■ PROBLEM REQUIREMENTS
Only one span is wanted from the lines below: from the one with "Ronny Kobo Women" up to and including the one with "Michael Kors Maeve". Copy it exactly, without images.

■ THE DATA
┌────────

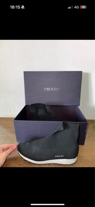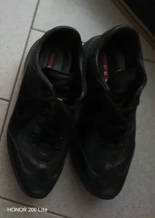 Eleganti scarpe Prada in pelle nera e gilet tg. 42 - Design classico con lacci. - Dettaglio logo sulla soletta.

└────────
┌────────

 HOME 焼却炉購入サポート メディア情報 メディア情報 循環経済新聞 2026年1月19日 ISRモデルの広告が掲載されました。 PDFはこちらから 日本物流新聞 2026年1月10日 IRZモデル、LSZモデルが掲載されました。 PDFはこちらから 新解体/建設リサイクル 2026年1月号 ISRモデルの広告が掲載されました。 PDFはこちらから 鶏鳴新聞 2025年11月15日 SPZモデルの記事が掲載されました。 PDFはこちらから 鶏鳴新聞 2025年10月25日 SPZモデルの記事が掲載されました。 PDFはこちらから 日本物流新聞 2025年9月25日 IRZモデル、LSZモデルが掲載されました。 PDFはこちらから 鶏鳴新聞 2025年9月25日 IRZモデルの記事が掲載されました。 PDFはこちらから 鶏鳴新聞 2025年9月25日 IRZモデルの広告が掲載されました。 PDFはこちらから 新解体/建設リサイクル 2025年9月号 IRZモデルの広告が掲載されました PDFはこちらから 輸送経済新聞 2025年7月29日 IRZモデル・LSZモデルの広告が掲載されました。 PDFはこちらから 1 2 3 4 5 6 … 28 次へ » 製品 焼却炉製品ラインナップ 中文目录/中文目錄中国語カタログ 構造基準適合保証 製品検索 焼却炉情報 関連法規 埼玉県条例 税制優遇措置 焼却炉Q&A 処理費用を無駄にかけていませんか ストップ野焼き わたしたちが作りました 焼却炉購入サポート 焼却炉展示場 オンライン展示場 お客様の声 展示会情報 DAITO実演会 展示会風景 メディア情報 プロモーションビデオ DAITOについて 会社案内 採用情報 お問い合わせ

└────────
┌────────

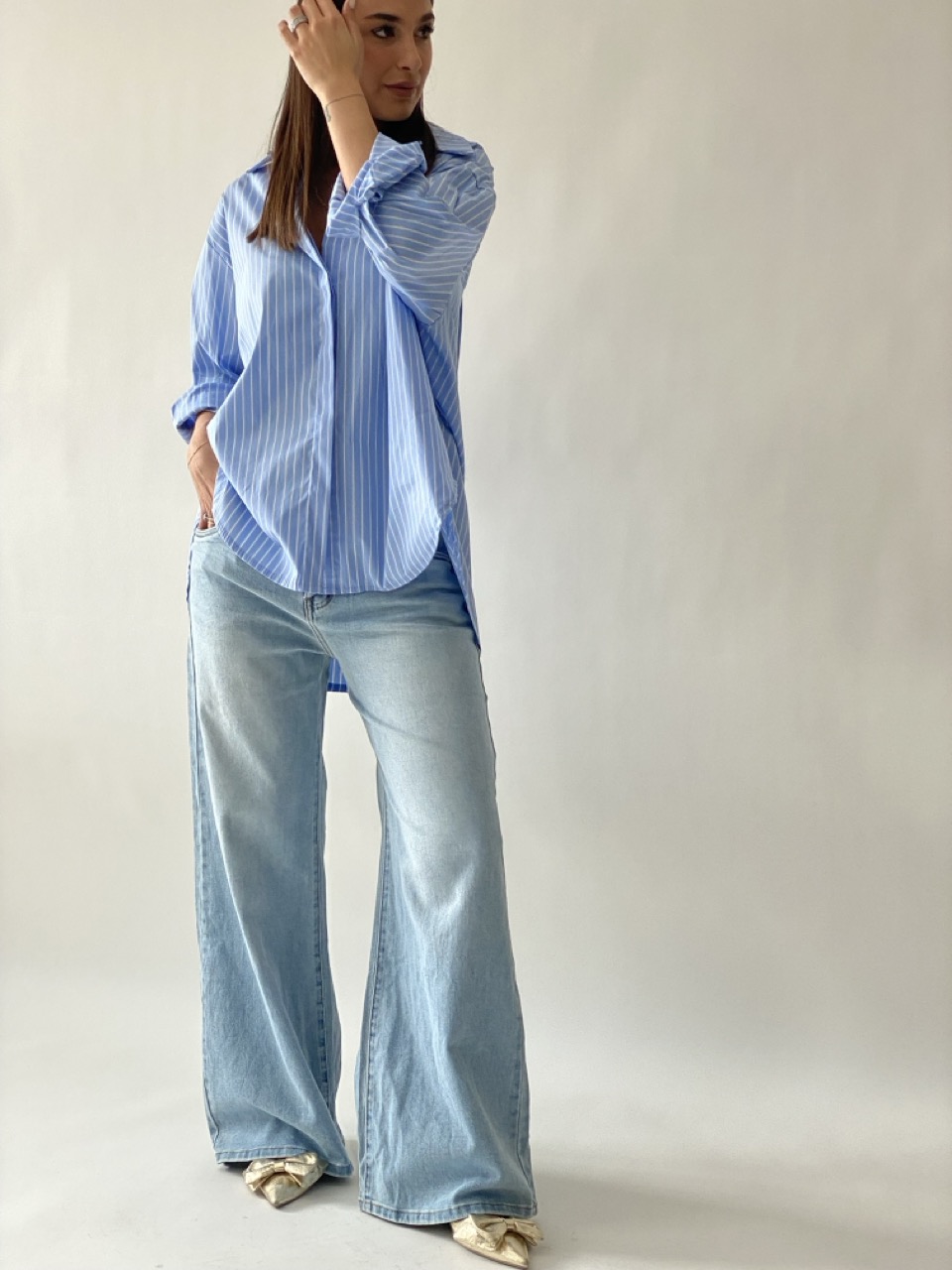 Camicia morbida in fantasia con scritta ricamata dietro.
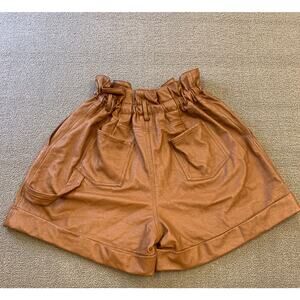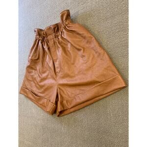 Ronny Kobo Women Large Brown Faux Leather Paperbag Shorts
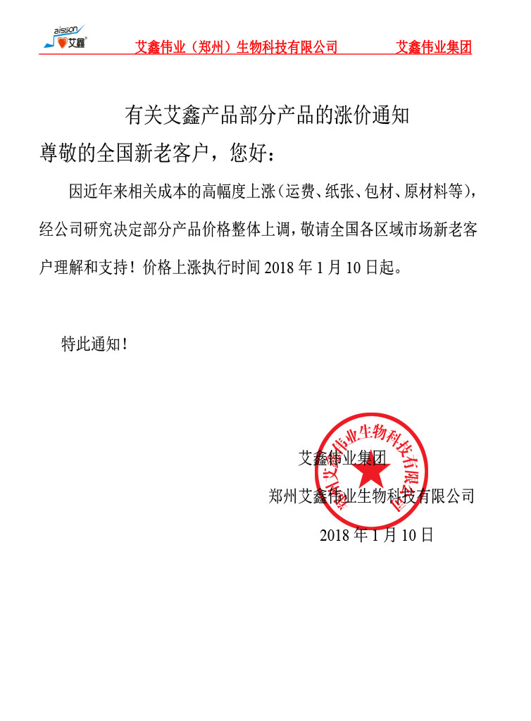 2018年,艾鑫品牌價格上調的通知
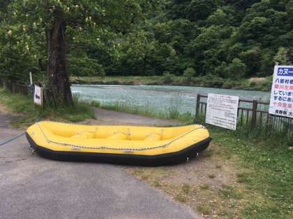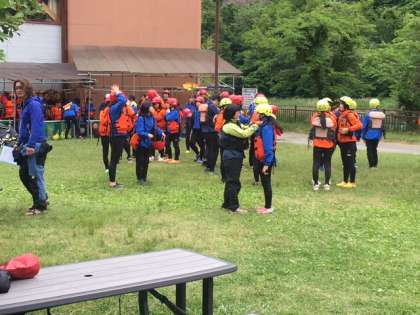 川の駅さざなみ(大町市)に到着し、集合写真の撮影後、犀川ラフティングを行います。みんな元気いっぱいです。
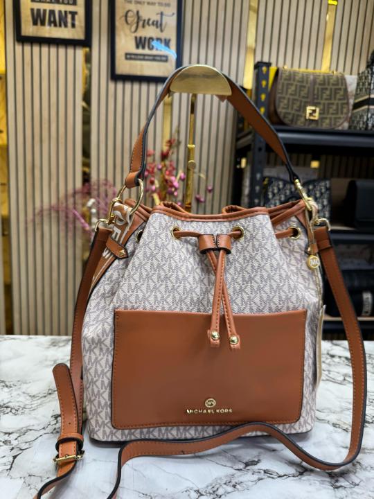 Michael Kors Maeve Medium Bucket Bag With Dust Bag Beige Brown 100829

└────────

■ RESPONSE BELOW
 Ronny Kobo Women Large Brown Faux Leather Paperbag Shorts
 2018年,艾鑫品牌價格上調的通知
 川の駅さざなみ(大町市)に到着し、集合写真の撮影後、犀川ラフティングを行います。みんな元気いっぱいです。
 Michael Kors Maeve Medium Bucket Bag With Dust Bag Beige Brown 100829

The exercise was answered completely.